Compared to the group that did not have phones, the ones who were allowed to bring their phones were noted to feel less isolated and left out. Their study was completed within nine months.

 

 

The Smartphone as a Security Blanket

Hunter states, “Our study suggests that the mere presence of the phone, not necessarily actually using it, can buffer against the negative experience and effects of social exclusion.”

He then describes that the phone is a representation of an individual’s larger personal network and that being able to redirect their focus from the environmental stressors to the symbolic connections which their phone provides may help lessen the feelings of isolation and make them feel more secure.
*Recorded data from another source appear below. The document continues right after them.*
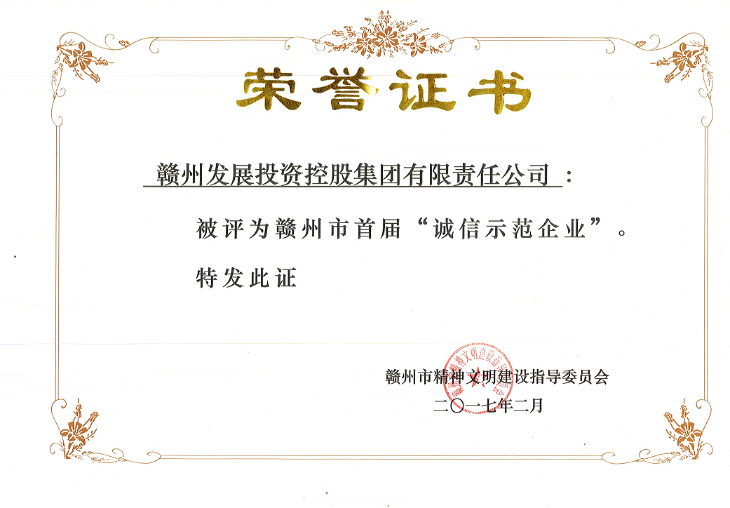集团荣获赣州市首届“诚信示范企业”荣誉称号
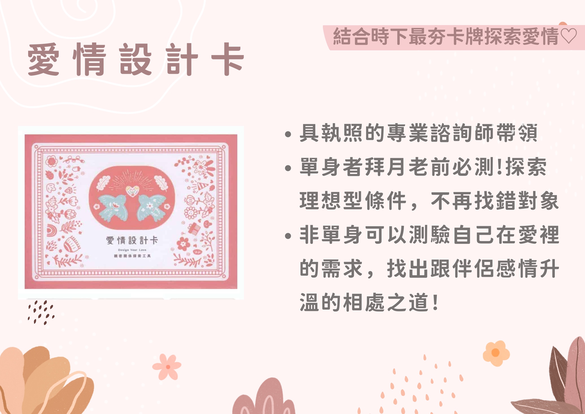 | 20:00 ~21:00 | ◆我渴望的伴侶特質/行為條件是? 1.透過愛情設計卡的價值卡選出自己適合的伴侶類型,分別擁有怎樣的特質?他們平常又會怎樣的對待人呢? 2.透過愛情設計卡的行動卡選出自己喜歡怎麼被對待,可以在關係上與伴侶好好溝通,讓感情更加升溫! 抽完會有的收穫: ➤ 怎樣特質的人,適合成為我的潛在伴侶? ➤ 您喜歡在感情上希望如何被愛
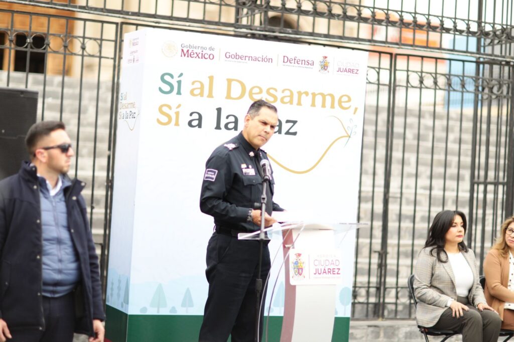 CD. JUAREZ, CHIH.- El Presidente Municipal, Cruz Pérez Cuéllar, dio el arranque a la campaña «Sí al desarme, sí a la paz», que tiene como objetivo generar estrategias que fortalezcan la seguridad y promover la paz en esta frontera.

He adds, “It could be that possessing your phone is a reminder of your support system, symbolically and literally allowing you to connect with others outside your immediate surroundings.”
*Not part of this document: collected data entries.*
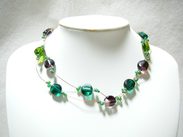 - ★2連 ネックレス ガラス 緑系 グリーン系 紫系【AS26】
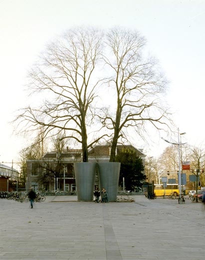 Sans titre, Haarlem, Place de la Gare,1998. Tôle inox perforée, ormes champêtres.
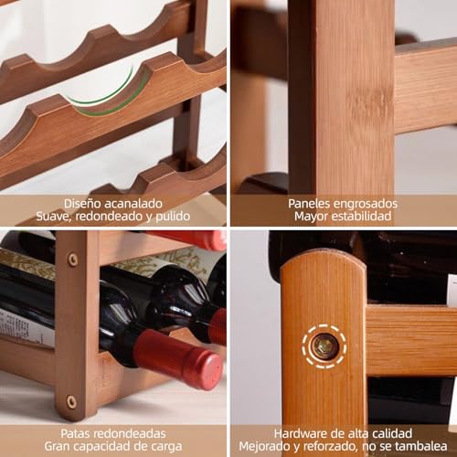 • مواد عالية الجودة: حامل النبيذ هذا مصنوع من مواد طبيعية صحية وعالية الجودة وصديقة للبيئة. ثم يتم معالجة السطح بطبقتين من الورنيش لتحقيق خصائص مقاومة للرطوبة والعفن، مما يجعله أكثر صداقة للبيئة وصحية. بفضل التصميم المتموج، تم تحسين الثبات وتعزيزه للحفاظ على زجاجات المشروبات مرتبة ومستقرة، مما يجعلها أقوى وأكثر متانة من الرفوف البلاستيكية.
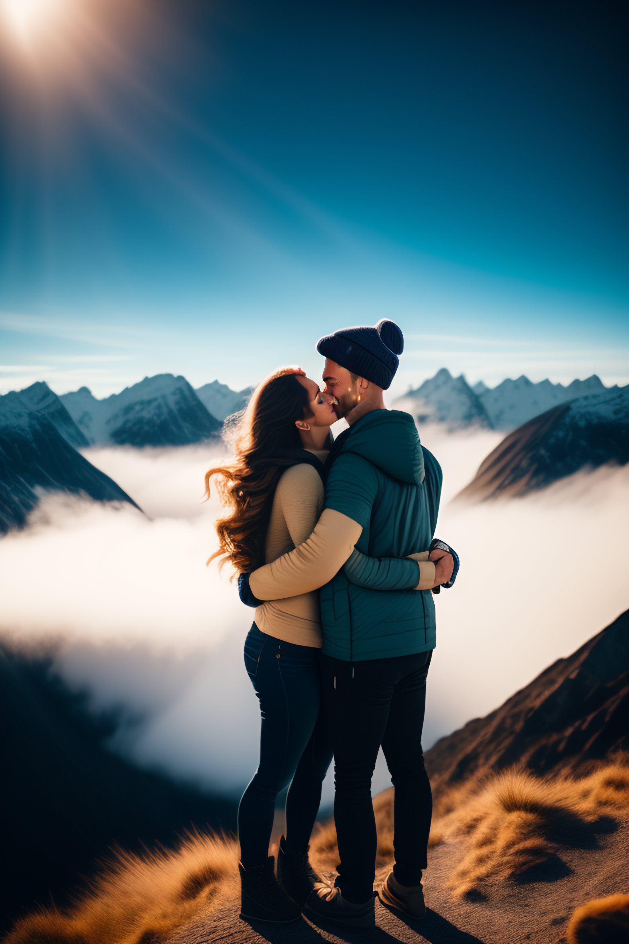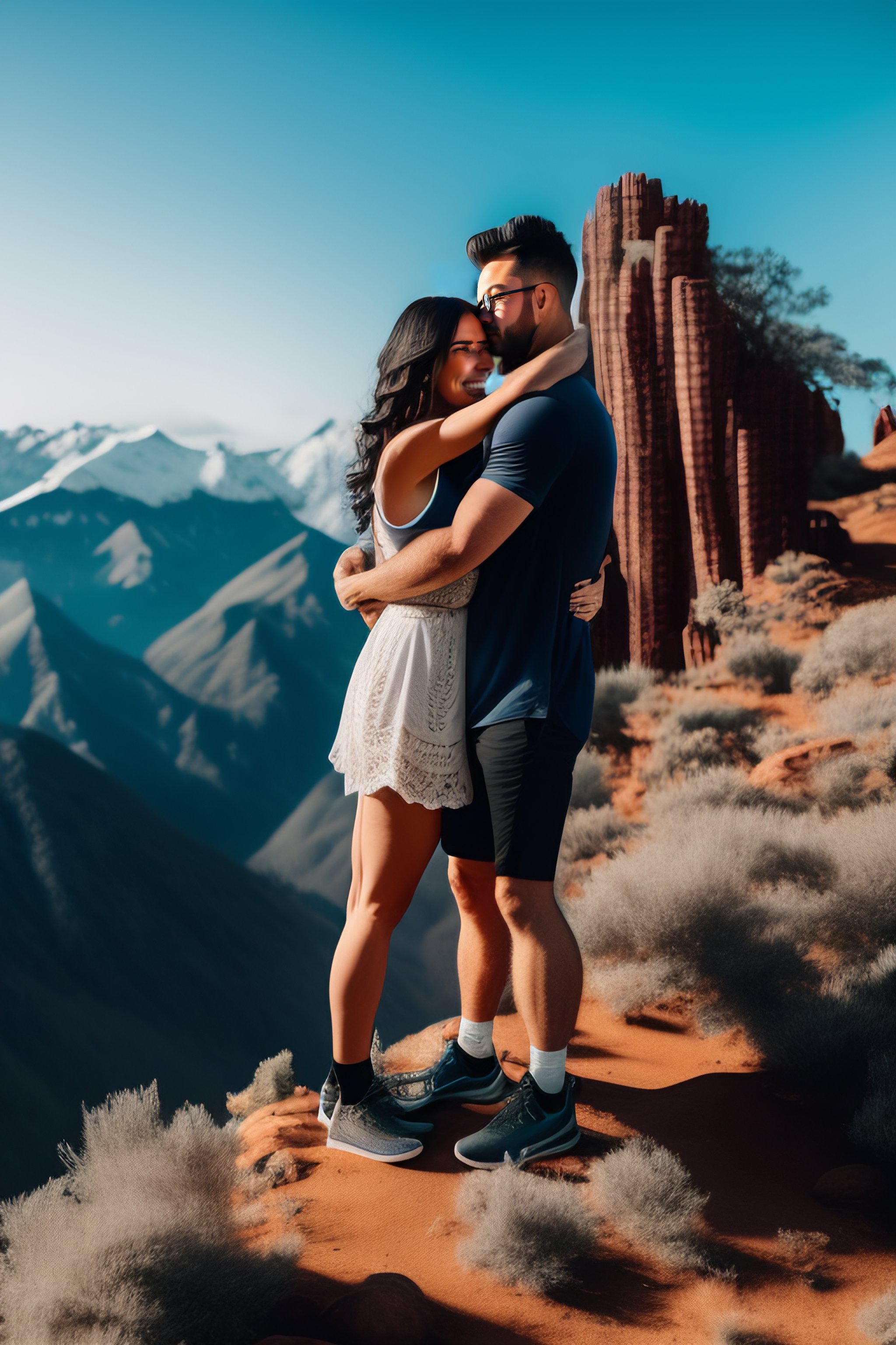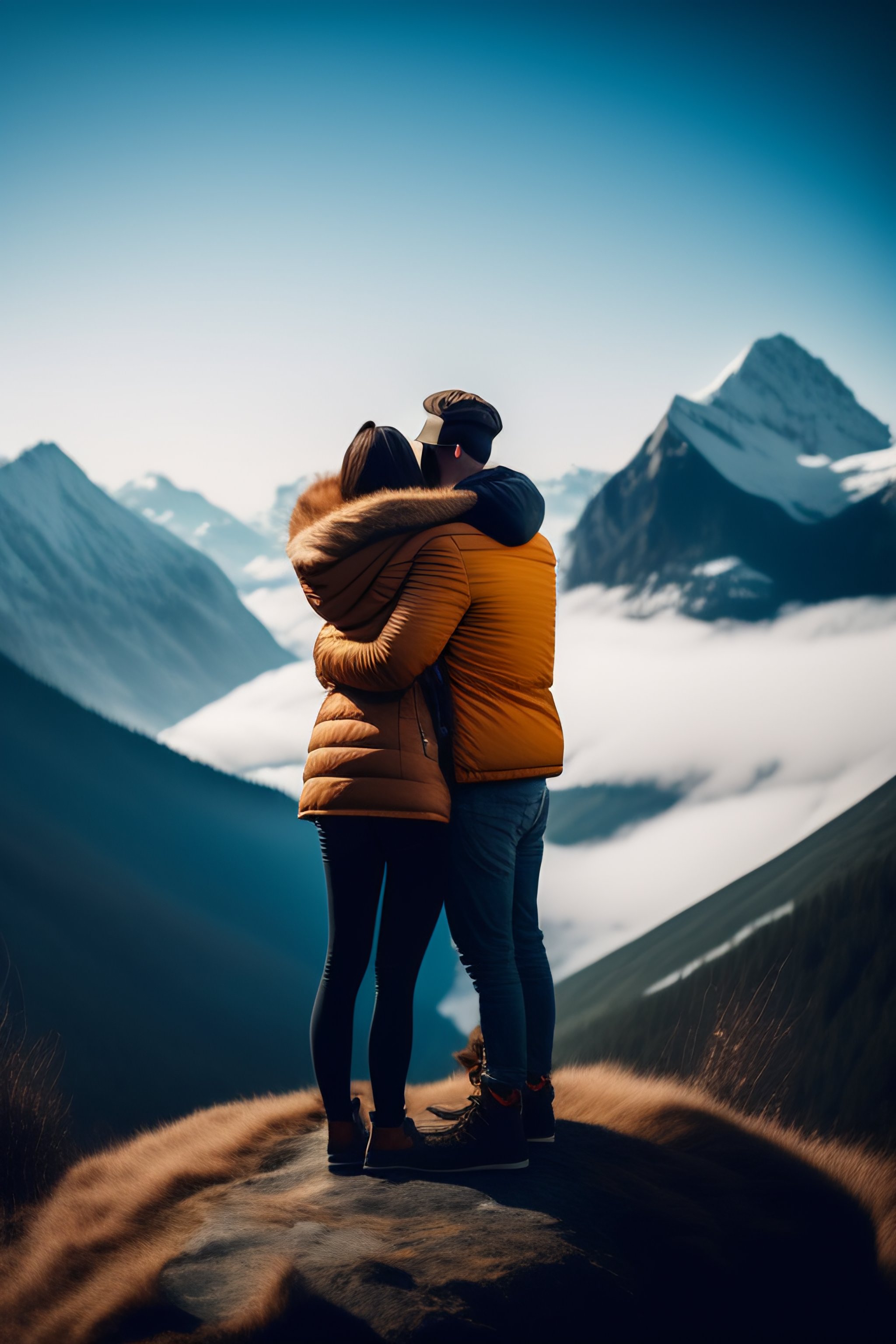 A short girl and tall boy hugging on top of mountains
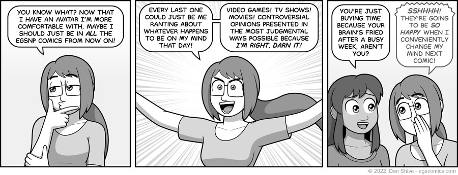 The last few days have been weird for mostly non-comic reasons that were NOT good for my sleep and/or work schedule, but I also liked the idea of laughing with myself about having three out of eight of the previous "assorted" comics involve my avatar.

His co-author Sarah Pressman, an associate professor of psychology and behavior, says that the stress response of the body, when accompanied by feelings of isolation, rejection, and stress, could be detrimental to a person’s health in the future. She also says that their study was the first to prove that smartphones have the ability to make people feel better and visibly lessen the production of stress hormones.

 

Smartphones have the ability to make people feel better and visibly lessen the production of stress hormones. / Photo by: Wavebreak Media Ltd via 123rf

 

Smartphone Use Promotes Escapist Behavior

This view of smartphones as a security blanket is challenged by authors who conducted their research in the University of Illinois. They say that since handheld devices have made it easier to detach oneself from their problems, it makes them all the more not want to actively deal with them. The habitual use of smartphones to avoid uncomfortable situations is said to support an escapist behavior.

Tayana Panova, one of the authors of the study, says that using phones to ease an individual’s anxiety may hinder the development of better coping skills. She is still unsure about how phone usage and anxiety are linked. It may be that kids with higher anxiety have the tendency to use their phones more or it might be the other way around. Heavy phone usage may actually cause one to have anxiety and depression.
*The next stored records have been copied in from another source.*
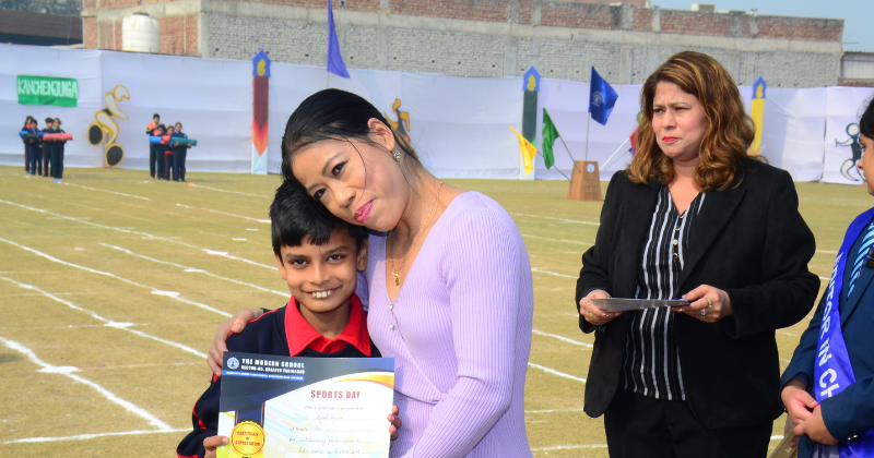 The Modern School at Sector 85, Greater Faridabad, witnessed a grand celebration of athleticism and sportsmanship during its Annual Sports Day. The event was graced by the presence of the renowned Indian boxer, MC Mary Kom, who honored the occasion as the Chief Guest. The school was also privileged to host several other esteemed dignitaries. The ceremony commenced with an impressive Guard of Honor conducted by the disciplined NCC cadets. Their precision and dedication set the tone for an eventful day ahead. Sports Day unfolded with a series of races that showcased the agility, speed, and spirit of the students. The participants, from various grades, competed fiercely in events ranging from sprints to relays, creating an atmosphere of excitement and healthy competition. The drills presented by students were a mesmerizing display of synchronization, discipline, and coordination. The meticulously choreographed routines were a testament to the hard work and dedication put in by both students and instructors. A moment of great pride and joy was the announcement of the Overall March Past Trophy. Everest House emerged victorious, showcasing exceptional unity, precision, and teamwork. The House Trophy, recognizing outstanding performances across all events, was awarded to Kanchenjunga House, making them the epitome of excellence. The Chief Guest, MC Mary Kom, addressed the gathering with inspirational words, encouraging the students to strive for excellence not only in sports but in all aspects of life. Her presence added a significant touch of motivation and aspiration to the event. In conclusion, The Modern School’s Annual Sports Day was a splendid affair, promoting not just physical fitness but also the values of teamwork, discipline, and resilience. The achievements of the students, combined with the presence of esteemed guests, made it a memorable day for the entire school community. The event reflected the school’s commitment to holistic education, nurturing both the minds and bodies of its students.
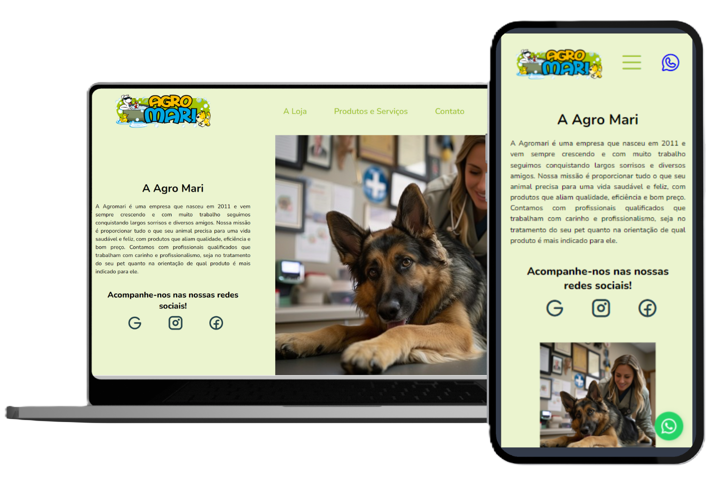 A página criada para o petshop tem como objetivo apresentar de forma clara e atrativa a loja, seus serviços e produtos. Com um design minimalista que respeita a identidade visual da marca, a plataforma proporciona uma experiência agradável aos usuários. Além de ser responsiva, garantindo acessibilidade em diferentes dispositivos, a página integra-se perfeitamente às redes sociais e ao Google Maps, facilitando a localização e o contato com os clientes.
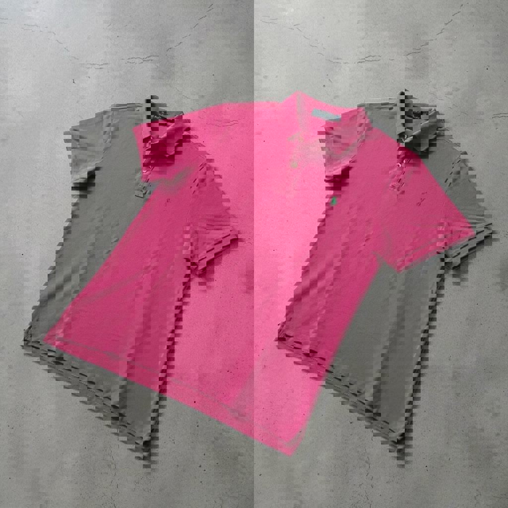 Ярко-розовое унисекс поло, короткий рукав, классический воротник, застежка на пуговицы, фирменный вышитый логотип на груди. Размер: M-L. Состав: 100% хлопок.
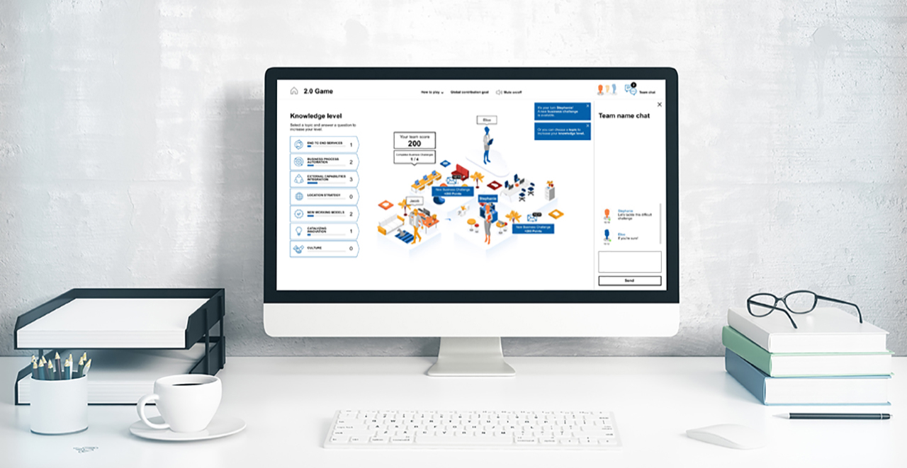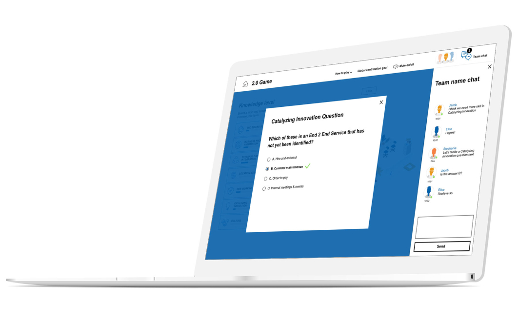 This game links globally situated colleagues in the pursuit of a collective goal. Players sign up and invite their colleagues to join them in teams. After viewing multi-media learning, they answer questions on business topics as diverse as location strategy, procurement and company culture, then apply that to business challenges. Each team contributes to a global total, allowing engagement that’s positive, collaborative and non-competitive.

Dr. Matthew Smiley, a pediatrician at the Advocate children hospital agrees with these and even suggests other “excellent ways to cope.” He encourages patients to educate themselves early in their life about the healthier ways of coping such as exercise, keeping in touch with others, familiarizing oneself with their body and its response to stress, and having “me time”. If one is troubled by suicidal thoughts or intense emotions, he recommends seeking medical advice.

The U.S National Mental Institute also says that finding ways to cope is essential to a person’s well-being. Trying to merely avoid a stressor will be risky to one's health.